- What is an IgG4 Autoimmune Pancreatitis ?
- What are the diagnostic criteria for autoimmune IgG4 pancreatitis?
- What are the two subtypes of autoimmune pancreatitis?
- What are the other anomalies associated with IgG4 Pancreatitis?
- What is the management for IgG4 Autoimmune Pancreatitis?
- PACS Based Case Images (Arterial and Portal Venous Phase)
- Detailed discussion with video:
What is an IgG4 Autoimmune Pancreatitis ?
Auto-immune pancreatitis is a chronic immune-mediated fibroinflammatory disease primarily involving pancreas responding to steroid therapy.
What are the diagnostic criteria for autoimmune IgG4 pancreatitis?

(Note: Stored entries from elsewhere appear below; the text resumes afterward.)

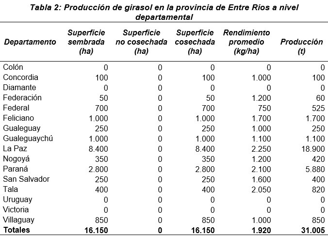 Los datos estadísticos sobre la superficie implantada con girasol a nivel departamental se presentan en la Tabla 2.
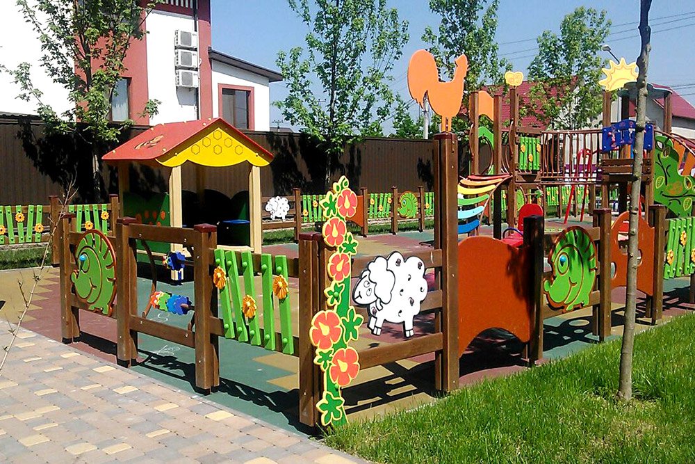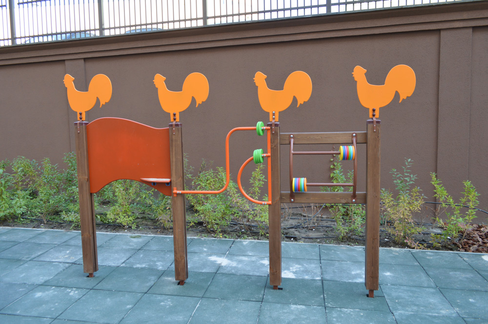 Post 1.5 m S764.2 is intended for reliable fastening and connection of individual sections into a single fence. Installation is made of hardwood. The element is carefully polished. The rack doesn’t contain sharp corners that can cause injury. The inventory is decorated with colourful decorative elements and a rooster on its top. It is used for arranging parks, lawns, gardens, and other recreation areas.
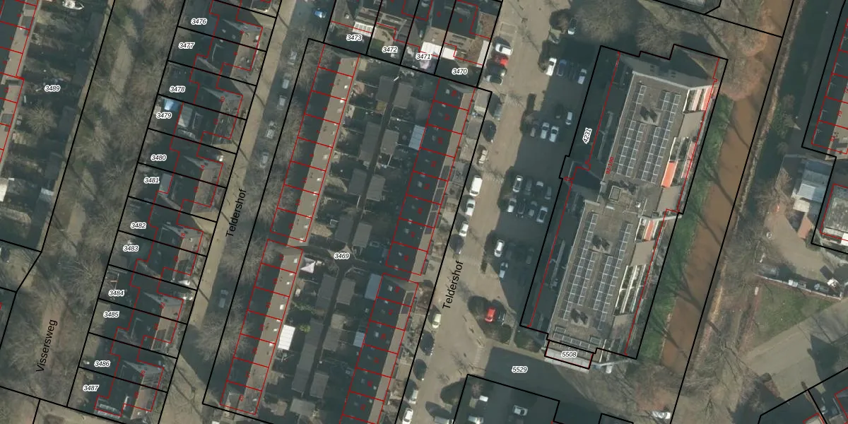 Het perceel waarop Teldershof 49 staat heeft een oppervlakte van 4033 m². Dit is een zeer groot perceel. De perceeloppervlakte wordt geregistreerd door het Kadaster. Gedetailleerde informatie over de maten van dit perceel kunt u vinden in het rapport Kadastrale kaart met maatvoering van Teldershof 49.
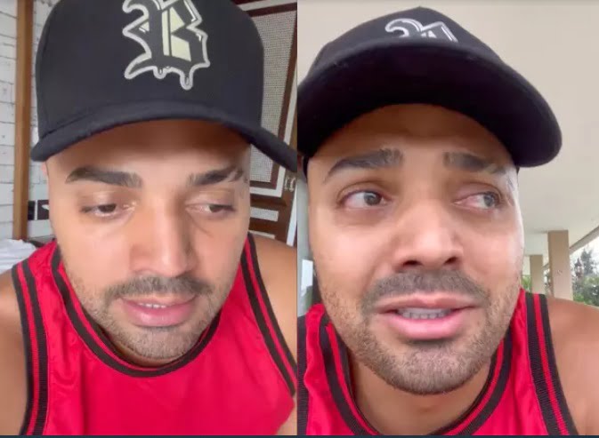 Em meio a lágrimas, o humorista agradeceu o apoio dos fãs, disse que lamenta o ocorrido e que vai se afastar das redes por um tempo.
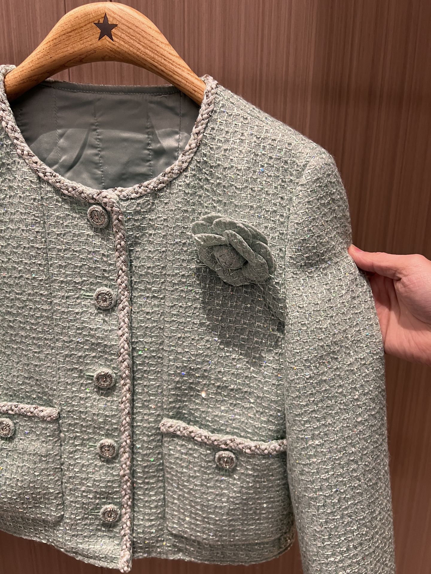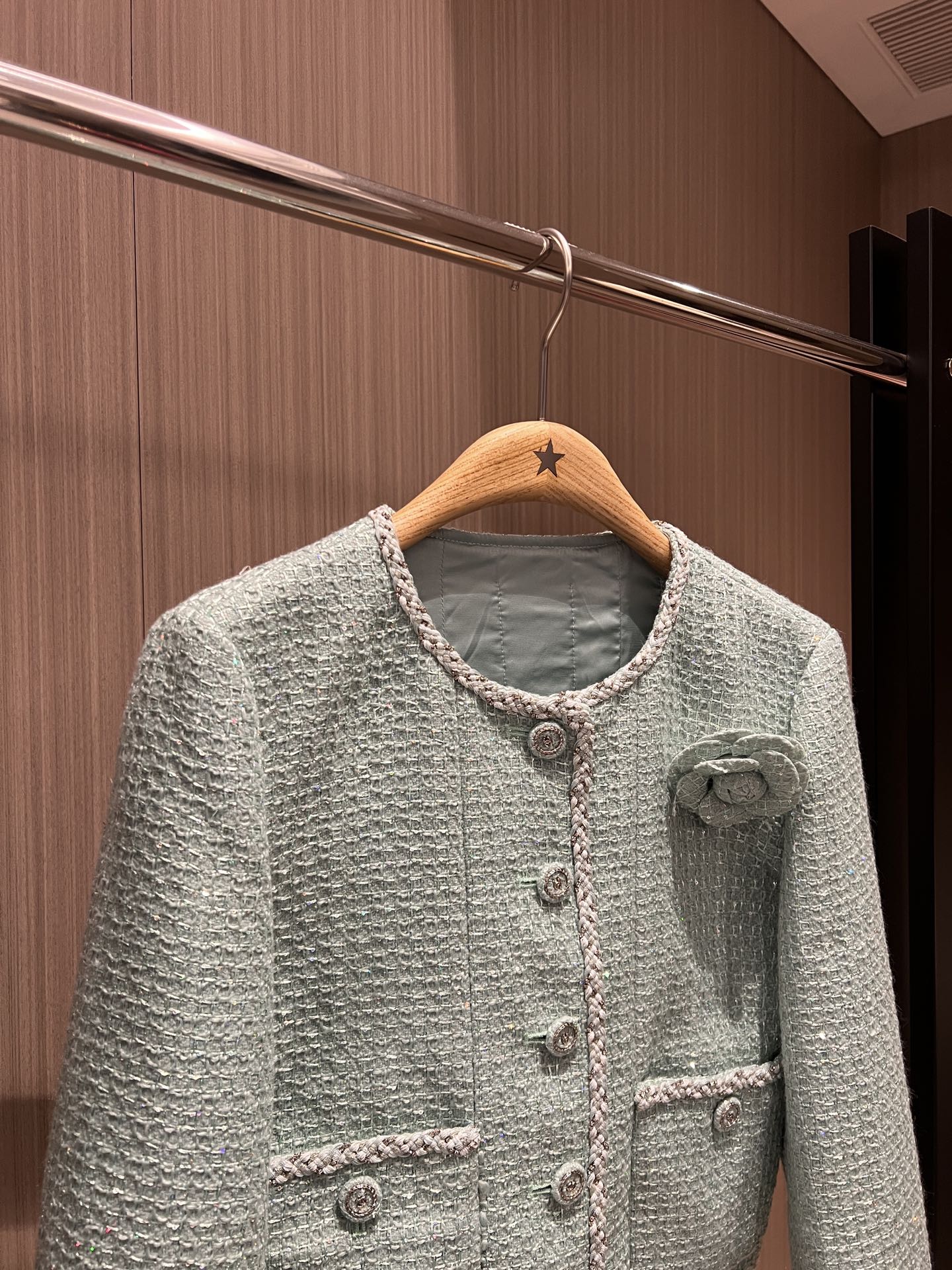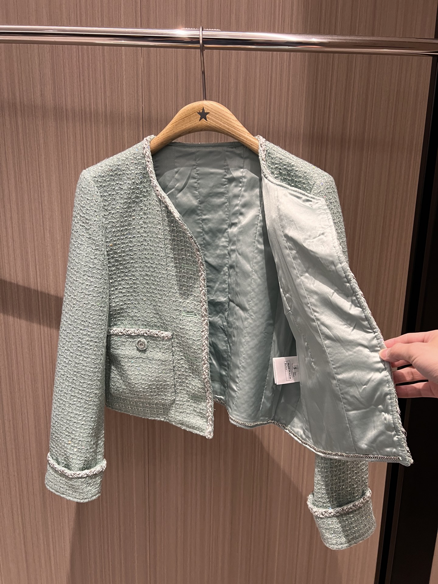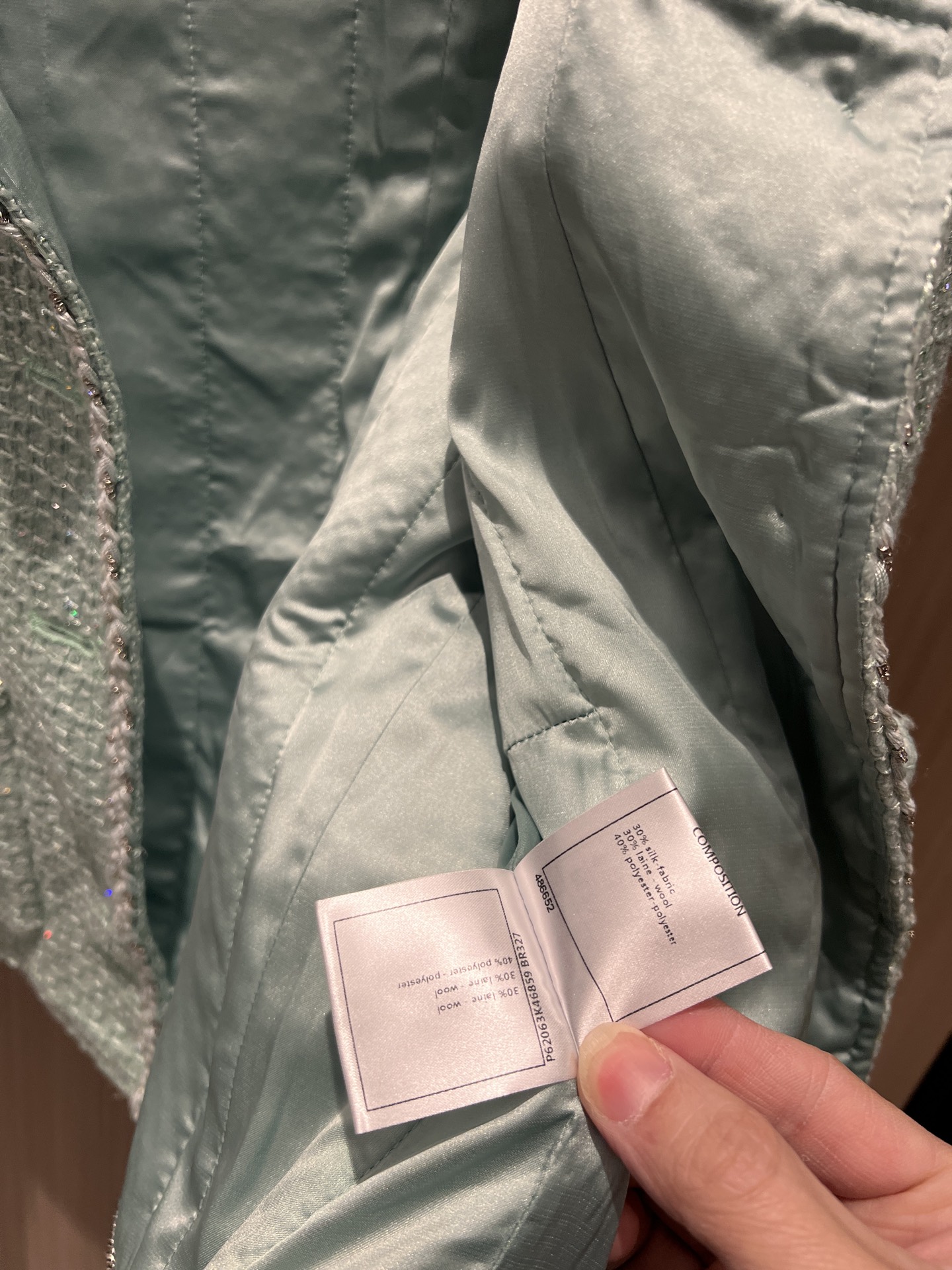 这款衣服是AAAAA 1:1 质量 (非常棒). 使用了和原版一模一样的材料. 商标部分也保持了和香奈儿/Chanel一样. 图片拍摄是实物衣服拍摄, 您所收到的实物保证和我们图片一模一样.
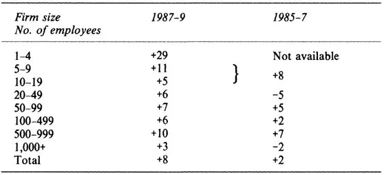 Peter Johnson (1989) has also looked at employment change according to size, but only for UK manufacturing establishments. He shows that, whilst there has been an increase in the percentage of employment in establishments with under 200 workers, a substantial proportion of this is because of former large firms which have contracted in size. The increase in ...
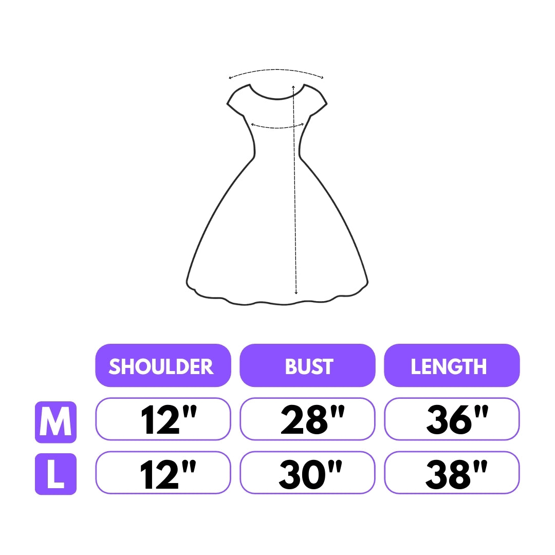 Package & Fit: The package includes one frock for with Kuromi Print. Please refer to the size chart for your kids accurate fit.
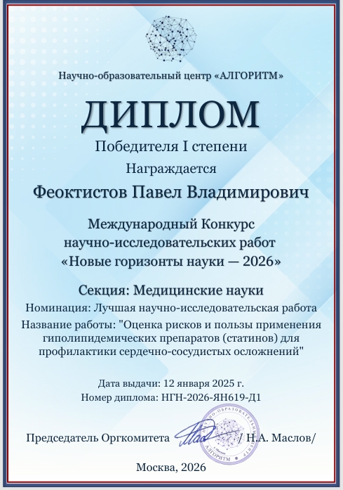 «Оценка рисков и пользы применения гиполипидемических препаратов (статинов) для профилактики сердечно-сосудистых осложнений».
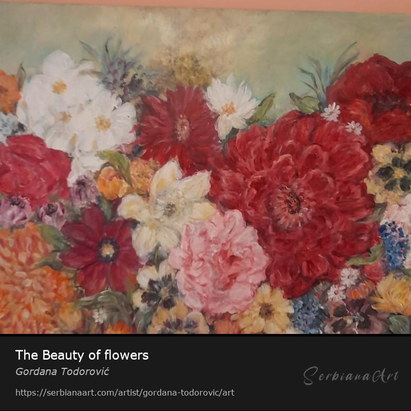 Inspiration from the beauty of flowers in large dimensions and fits into any space.Original painting on canvas 4.5 cm.wide ao a frame is unnecessary.It is a combined tehnigue.Im:gordana .todorovic47@gmail.com.
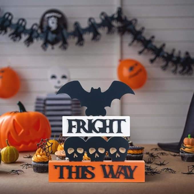 Halloween Decorations Indoor, DECSPAS 4-Layered Bat Skull Block Halloween Decor, Raised Black FRIGHT THIS WAY Sign Hocus Pocus Decorations for Home is on pr!ce drōp at checkout #ad
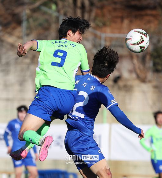 [스포티비뉴스=김천, 곽혜미 기자] 제22회 1,2학년 대학축구대회 중앙대와 상지대의 결승전이 22일 오후 경상북도 김천대학교 대운동장에서 열렸다. 상지대 이주훈이 헤더를 시도하고 있다. <저작권자 ⓒ SPOTV NEWS. 무단전재 및 재배포 금지>
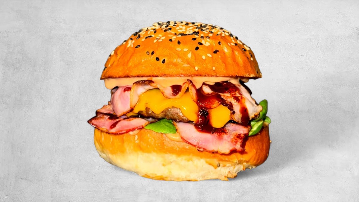 Brioš žemľa, 100% 150g hovädzie mäso, cheddar, chrumkavá slaninka, grilovaná červená cibuľka, ľadový šalát, paradajka, kyslá uhorka, jemne údená domáca smooth BBQ. (320g) /1,3,7,10,11/
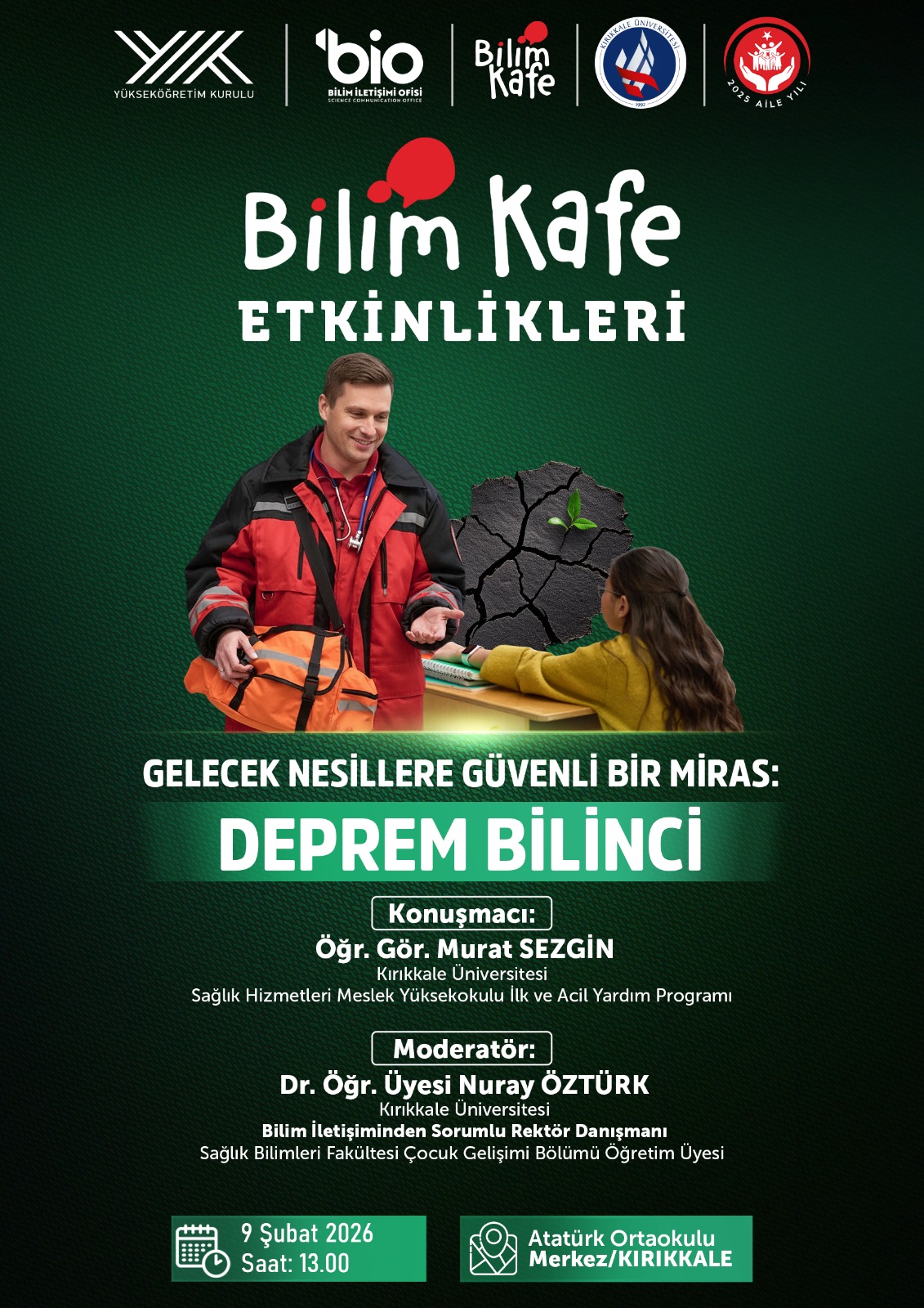 Kırıkkale Üniversitesi, Yükseköğretim Kurulu ile iş birliğinde yürütülen Bilim Kafe etkinlikleri kapsamında önemli bir programa ev sahipliği yapacak. “Gelecek Nesillere Güvenli Bir Miras: Deprem Bilinci” başlıklı etkinliğin, toplumda afet farkındalığını artırmayı hedeflediği belirtildi.
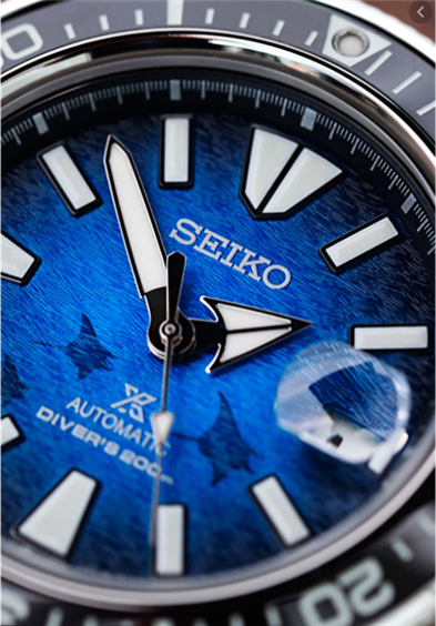 L’orologio PROSPEX SRPE33K1 è un’edizione speciale “Save The Ocean” ispirato alla manta. Il quadrante blu marino, dai grandi indici in Lumibrite, consente una lettura ottimale dell’ora durante le tue esplorazioni subacquee. Questo modello è concepito per resistere alle condizioni estreme degli sport acquatici, con una resistenza all'acqua fino a 200 metri.
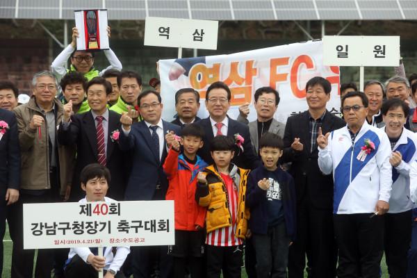 정순균 강남구청장이 21일 개포동 수도공고에서 열린 ‘제40회 강남구청장배 축구대회’에 참석했다. 사진은 대회에 참석해 참가구민들과 함께 기념촬영을 하고 있는 정 구청장의 모습. (사진제공=강남구청)
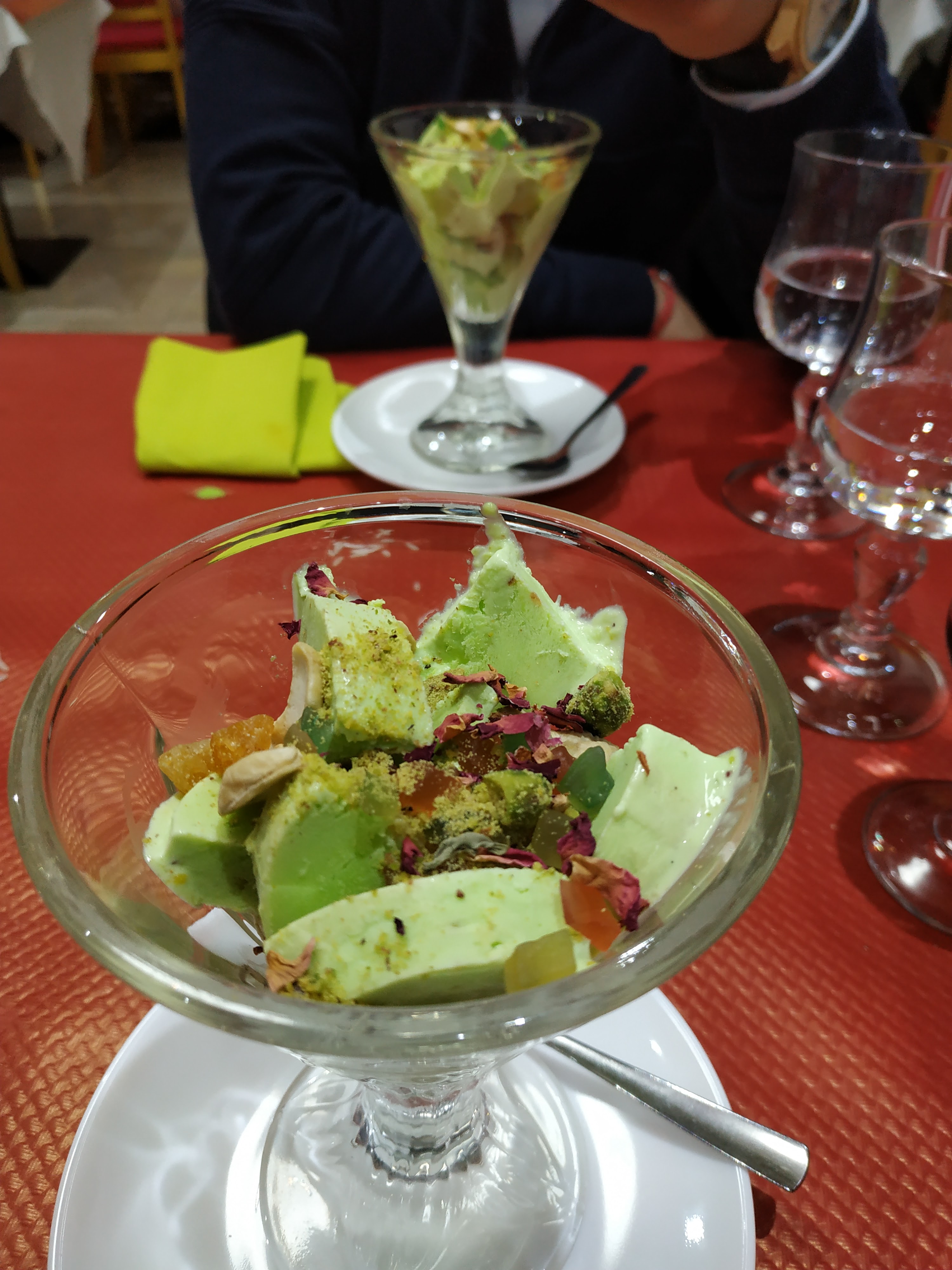 Bonjour nous sommes désolés pour vous, le sheek kebab est un peu épicée mais notre serveur le précise bien et si vous mangez quasiment pas épicé, il fallait choisir un plat sans épices Concernant le dessert on sert la même quantité à tout le monde et je suis quand même désolé pour cette expérience. Cordialement Le Punjab Grill

The Mayo Clinic HISORt Criteria are used for confirming the diagnosis. Here are the details:
Mayo Clinic HISORt Criteria for IgG4 Autoimmune Pancreatitis
(1) Periductal lymphoplasmacytic infiltrate with obliterative phlebitis and storiform fibrosis (LPSP) OR
(2) Lymphoplasmacytic infiltrate with storiform fibrosis showing abundant (210 cells/HPF) IgG4-positive cells
Typical: diffusely enlarged gland with delayed (rim) enhancement; diffusely irregular, attenuated main pancreatic duct
Others: Focal pancreatic mass/enlargement; focal pancreatic duct stricture; pancreatic atrophy; pancreatic calcification; or pancreatitis
Serology: Elevated serum IgG4 level (>135 mg/dL)
Other Organ Involvement.
Response to steroids.
What are the two subtypes of autoimmune pancreatitis?
Type 1 (lymphoplasmacytic sclerosing pancreatitis) and type 2 (idiopathic duct-centric chronic pancreatitis).
- Type 1 autoimmune pancreatitis is the pancreatic manifestation of IgG4-related disease.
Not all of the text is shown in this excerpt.